Pamiętajcie przy tym, że rynek amerykańskich akcji i długu ma ponad 7-krotnie większą kapitalizację od samego rynku złota, nie wspominając już o pozostałych metalach szlachetnych. Wystarczy więc decyzja o zwiększeniu ekspozycji na metale choćby do 2-3%, a zmienność cenowa wepchnie szybko temat złota, srebra czy platyny na główne strony serwisów finansowych.
Z ciekawostek spójrzcie na wykres złota i jasne słupki na dole, reprezentujące pokrycie jego tematu w mediach. Każde wyjście powyżej 2000 USD budzi coraz mniejsze zainteresowanie mediów. Tymczasem powinno być dokładnie odwrotnie, bo z każdą taką próbą powrotu pod maksima, zwłaszcza dokonywaną w coraz krótszym czasie względem poprzednich, rośnie prawdopodobieństwo ich docelowego sforsowania.

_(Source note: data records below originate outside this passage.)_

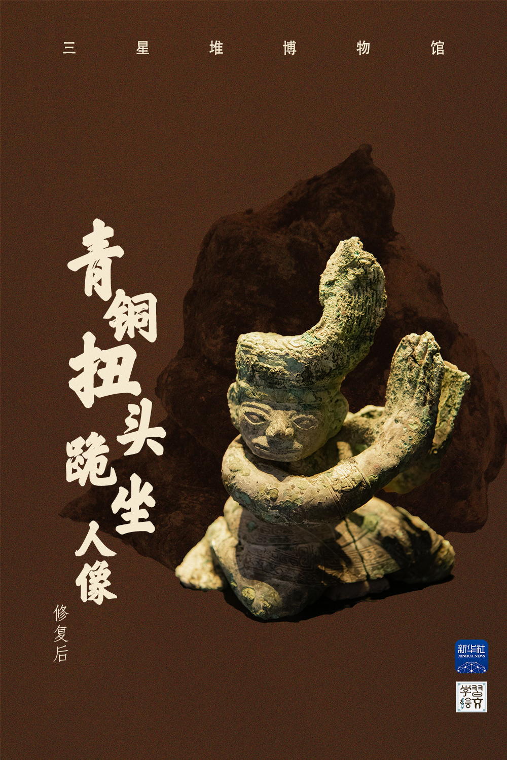 这是三星堆博物馆文物保护与修复馆拍摄的修复后的青铜扭头跪坐人像。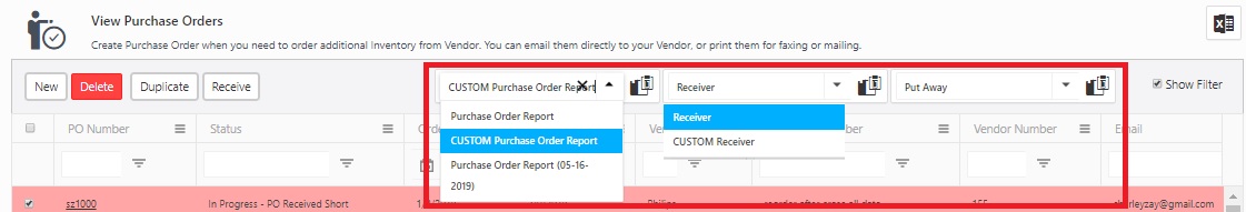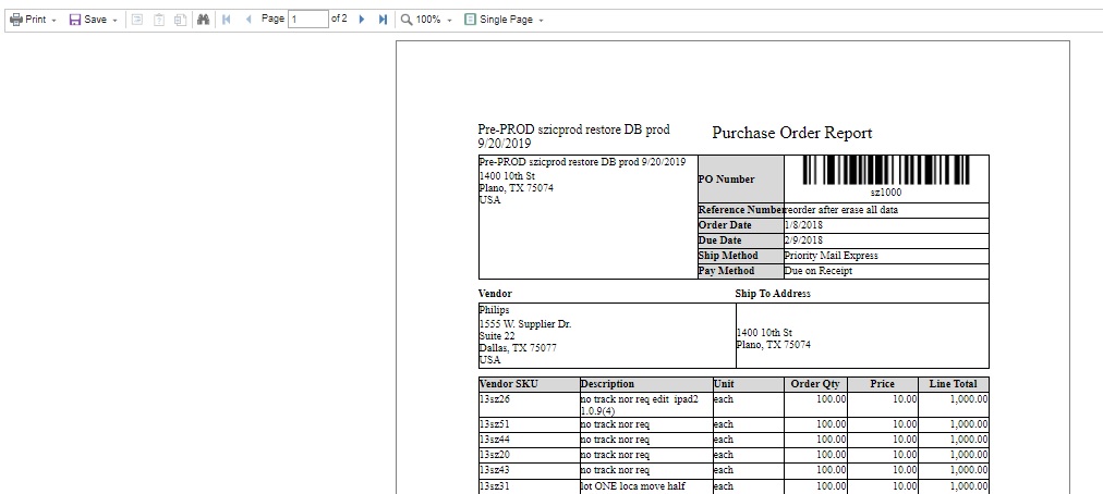 Preview of Purchase Order Report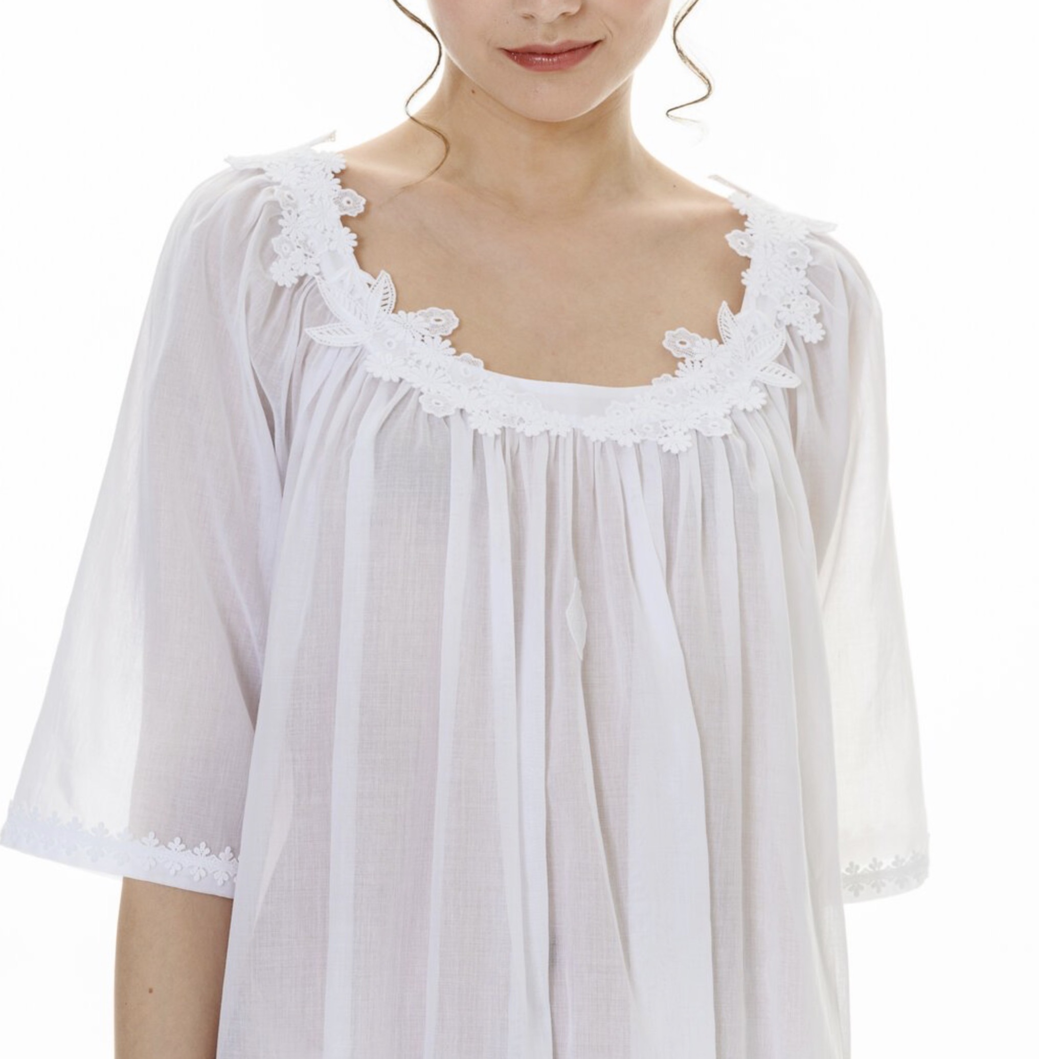 CELESTINE steht seit 40 Jahren für außergewöhnliche Nachtwäsche aus feinster Baumwolle und kostbaren Spitzen. Die Kollektionen werden weltweit als Sammlerstücke geschätzt für ihren einzigartigen, zeitlosen und luxuriösen Stil. Tragen Sie Celestine Nachtwäsche, fühlt es sich an wie purer Luxus auf der Haut – leicht, angenehm und ultra fein. Ein Hauch von Nostalgie trifft auf höchste Handwerkskunst – das Nachthemd Marcella-2 vereint Eleganz und Komfort auf unverwechselbare Weise. Die locker fallende A-Linie sorgt für ein luftiges Tragegefühl, während die halblangen Ärmel mit zarter Spitzenverzierung zusätzliche Raffinesse verleihen. Der florale Spitzenausschnitt rundet das feminine Design stilvoll ab. Mit einer Länge von 122 cm ist dieses Modell ein stilvoller Begleiter für traumhafte Nächte.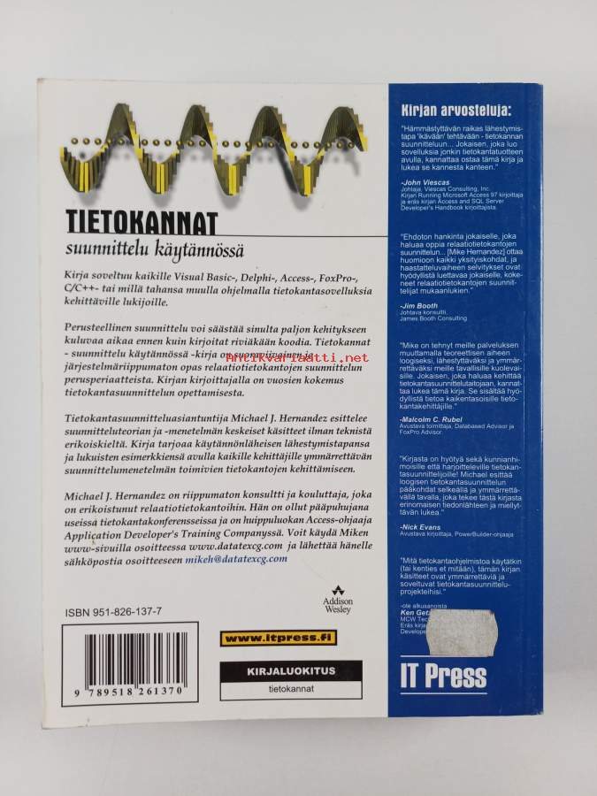 Muu(t) tekijä(t): Tomi KajalaAlkuteos: Database design for mere mortalsAsiasanat: terminologia, suunnittelu, tietokannat, relaatiotietokannat, toteutus
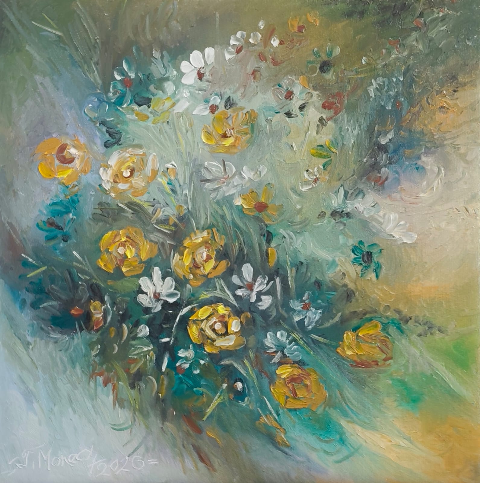 Petale de aramă sugerează un buchet surprins într-un moment de mișcare, ca și cum florile ar fi fost așezate în grabă, iar lumina ar fi rămas prinsă între frunze și petale. În centrul compoziției apar accente calde, galben-ocru, care trimit spre nuanța metalică a aramei, în contrast cu tonurile reci de turcoaz, verde stins și gri-albăstrui din fundal. Tușele sunt scurte și hotărâte, cu pastă vizibilă, iar forma florilor se construiește din suprapuneri, nu din contururi ferme, ceea ce face ca buchetul să pară viu și instabil, ca într-o briză.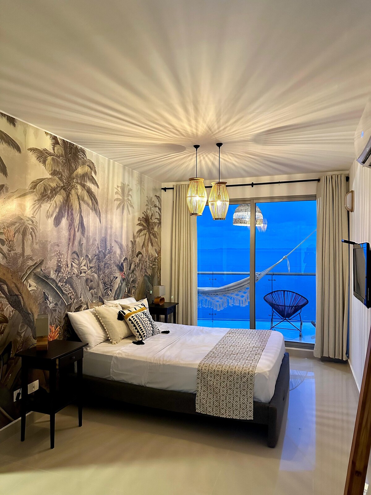 ✨ Bienvenido a tu refugio en Cartagena: un apartamento de lujo en piso alto frente al mar, con dos balcones privados y vista panorámica 180° al Caribe y la bahía. Diseñado para tu confort, ofrece sala moderna con ventanales, cocina equipada, WiFi rápido y check-in digital. Relájate en la piscina infinita, disfruta el bar o entrena en el gym con vista al mar. En Bocagrande, a pasos de la playa y cerca de la ciudad amurallada, tu estadía será inolvidable. 🌊🌴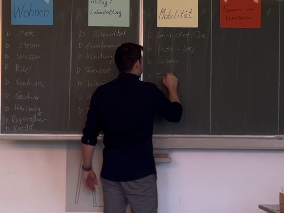 Die Themen, die angeschnitten wurden, waren Wohnen und Nebenkosten, Lebenshaltungskosten, Einnahmen und Geldverwaltung sowie Verträge, Steuern, Rechte. Unterkategorien waren beispielsweise „Umgang mit Schulden/Dispo“ oder „Mobilität“. Hierzu durften die Schüler:innen auch selber recherchieren und eigene Ideen einbringen.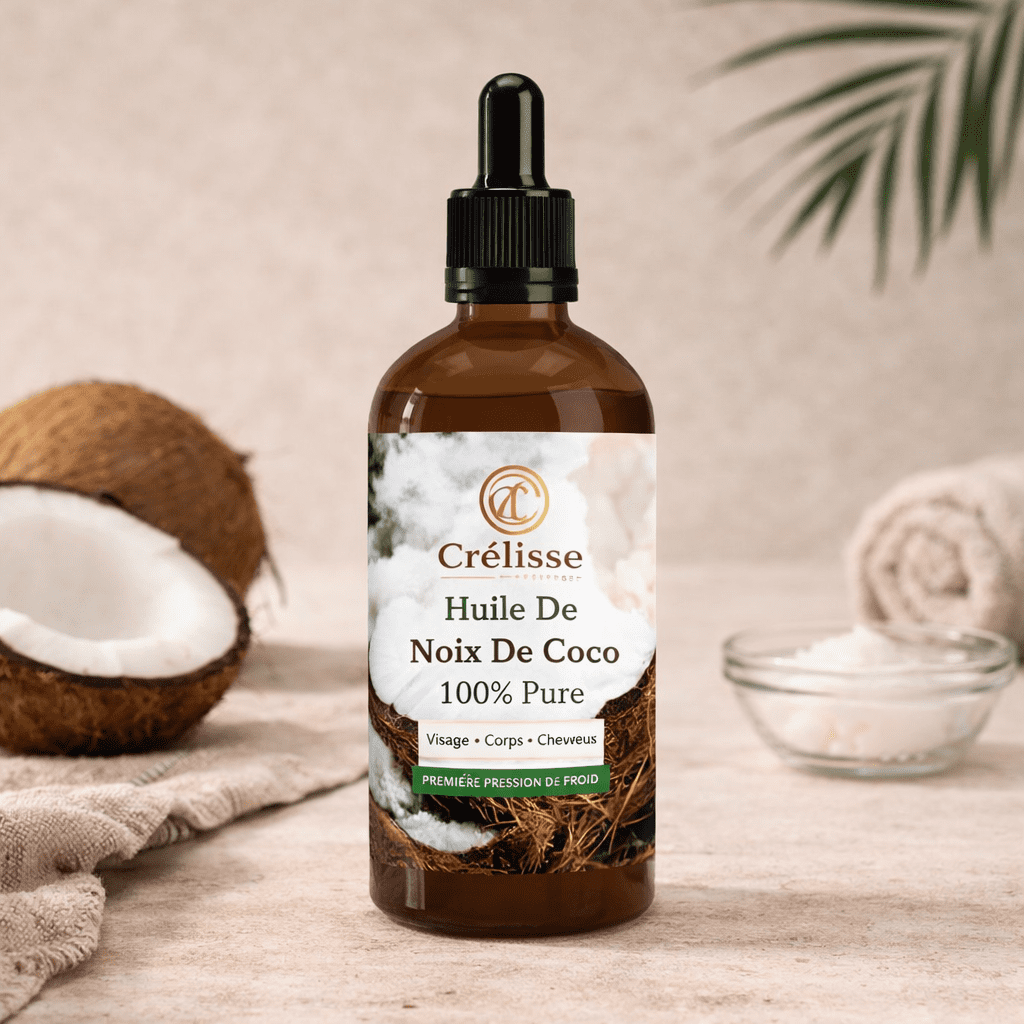 Huile de noix de coco 100% pure, idéale pour nourrir et hydrater la peau et les cheveux. Apporte douceur, protection et brillance naturelle. Parfaite pour les peaux sèches et les cheveux abîmés.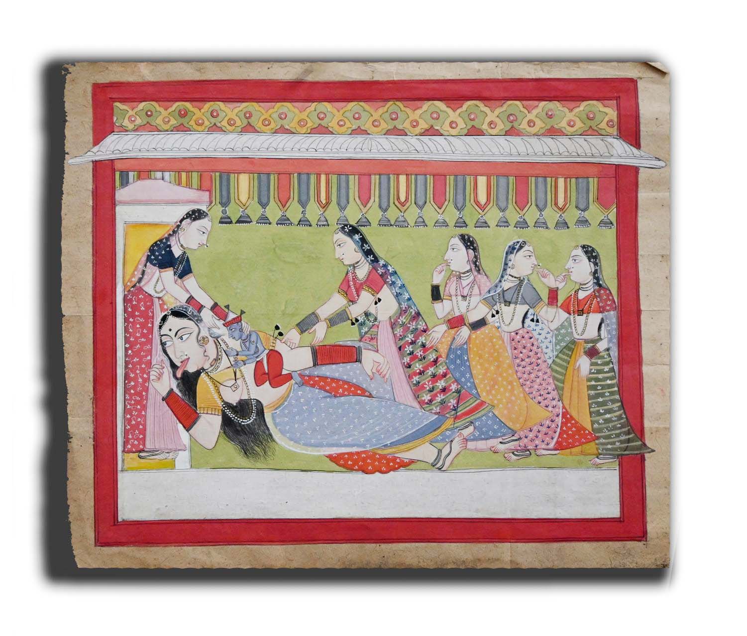 Goddess Durga as Jaya Religious Miniature Painting on Old Paper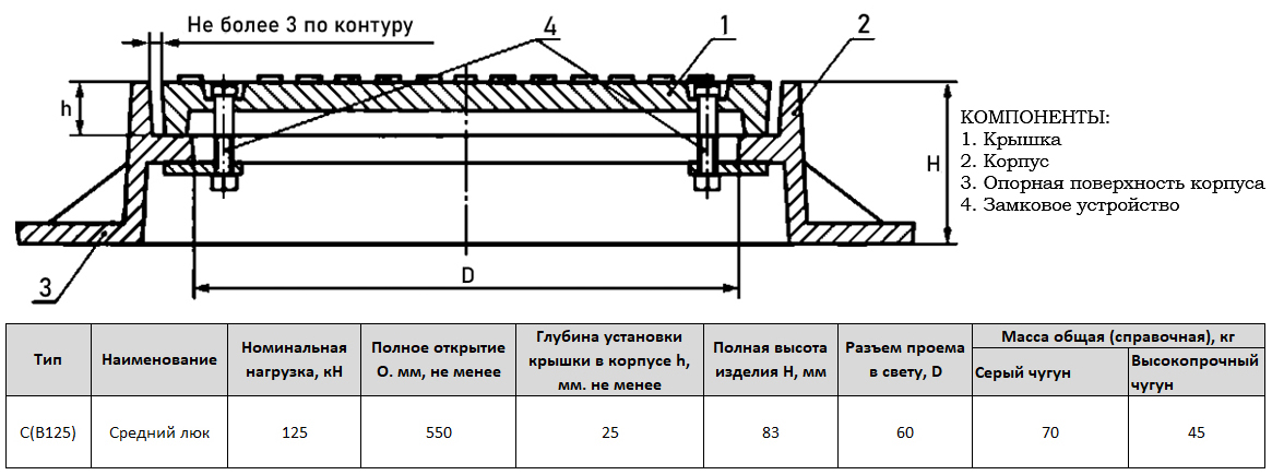 Люк чугунный средний С(В125)-К-2-60 для канализации ГОСТ 3634-2019
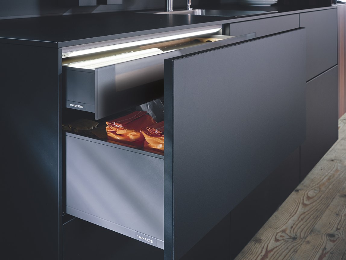 Une poignée profilée à LED souligne discrètement et élégamment l’aspect minimaliste de la cuisine et la met habilement en scène. L’éclairage à effet crée une belle lumière indirecte. Il fait sensation, même quand on ne travaille pas dans la cuisine.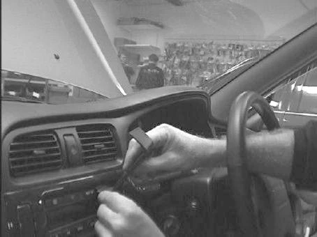 Clean the surface by the stereo and the surrounding panel frame with the enclosed alcohol pad. Peel off the cover of the adhesive tape on the ProClip. Place the angled edge on the lower part of the ProClip by the stereo and the surrounding panel frame.

Wokół rynku metali dzieje się ostatnio coraz więcej, od technicznych struktur cenowych widocznych na wykresie złota, przez wzrost napięć geopolitycznych, po nowe zastosowania przemysłowe, pochodzące tym razem z obszaru sztucznej inteligencji. Otwartą jak zawsze pozostaje kwestia, kiedy inwestorzy zaczną doszacowywać te kolejne źródła popytu. Jeśli ich ślad zobaczymy w najbliższych, kwartalnych raportach organizacji zajmujących się rynkami złota, srebra czy platyny, a opracowania analityczne na bazie tych raportów trafią do mediów, mogą się one pozytywnie przełożyć na podbicie zmienności cen metali. Czy tak będzie, przekonamy się najprawdopodobniej w miarę zbliżania się końcówki roku.